Вильям Граймс, однако, как положено утонченному интеллектуалу и сотруднику авторитетнейшего печатного органа, пытается быть серьезным. Из его статьи мы узнаем, например, что, помимо книги сэра Исайи, он прочитал все четыре тома «Былого и Дум» в старом издании — тогда как в Америке существует сокращенное однотомное издание. Это сокращение сделал в 1970 году известный Дуайт Макдоналд, тогдашний марксистский гуру (мы не должны забывать, что в старые времена, как раз в разгар холодной войны, главные интеллектуалы США были марксистами). Вильям Граймс приводит суждение Макдоналда о Герцене: живи он в наше время, он был бы одним из авторов «Нью-Йоркера» (The New Yorker). Это высказывание, как и любое упоминание о «Нью-Йоркере», считающимся лучшим журналом Америки, вызывает во мне стойкую реакцию неприятия. Русским ли, с их вековой культурой толстых журналов, восхищаться этой жалкой брошюркой, половина которой занята репертуаром кино и прочих театров. В ассортименте также один рассказ, одна корреспонденция из-за границы, два три коротких комментария на актуальную политическую тему, непременные карикатуры и на подверстку стишок-другой в две-три строфы. Да, в «Нью-Йоркере» печатался Набоков — и даже Довлатов! — Бродского видел однажды самоперевод, но считать этот рекламный листок шедевром интеллектуальной продукции — увольте! Как сказал однажды Куприн, когда к нему, пьяному, подвели для знакомства поэта Балтрушайтиса: «Спасибо, я уже».
Сам Уильям Граймс тоже один ляпсус сделал: назвал Боткина реакционером. Герцен с реакционерами не дружил, а Василий Петрович Боткин какой же реакционер: либерал, один из первых русских поклонников Фейербаха и Давида Штрауса, бонвиван и гастроном.
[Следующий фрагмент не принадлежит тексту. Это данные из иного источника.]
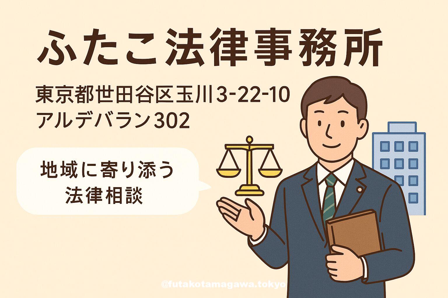 写真 ひとこと紹介文 二子玉川駅徒歩6分。離婚・交通事故・賃貸トラブルをはじめ、相続や刑事まで幅広く対応。30分5,500円の有料相談で、納得感ある解決の道筋を提案。 地図 AI紹介文(ChatGPT5編) 東急・二子玉川駅から徒歩6分。ふたこ法律事務所は、地域密着を掲げる個人経営の法律事務所です。住所は世田谷区玉川3-22-10 アルデバラン302、電話番号は050-5369-5250。平日9:00〜18:00の運営で、来所が難しい相談者には公式LINEやGoogle Meetを活用した連絡・面談にも対 ...

Но в целом статья Граймса вполне пристойна, кое-что можно и процитировать:
Герцен смотрел на мир холодными глазами ирониста, способными разглядеть не только трагедию, но и комедию бытия. Но его сжигало чувство несправедливости мира. Буржуазию он ненавидел столь же неистово, как Маркс. Расчетливость, аккуратность английских и французских буржуа вызывали у него отвращение. Ему больше по вкусу были итальянцы с их непосредственностью и человеческой теплотой.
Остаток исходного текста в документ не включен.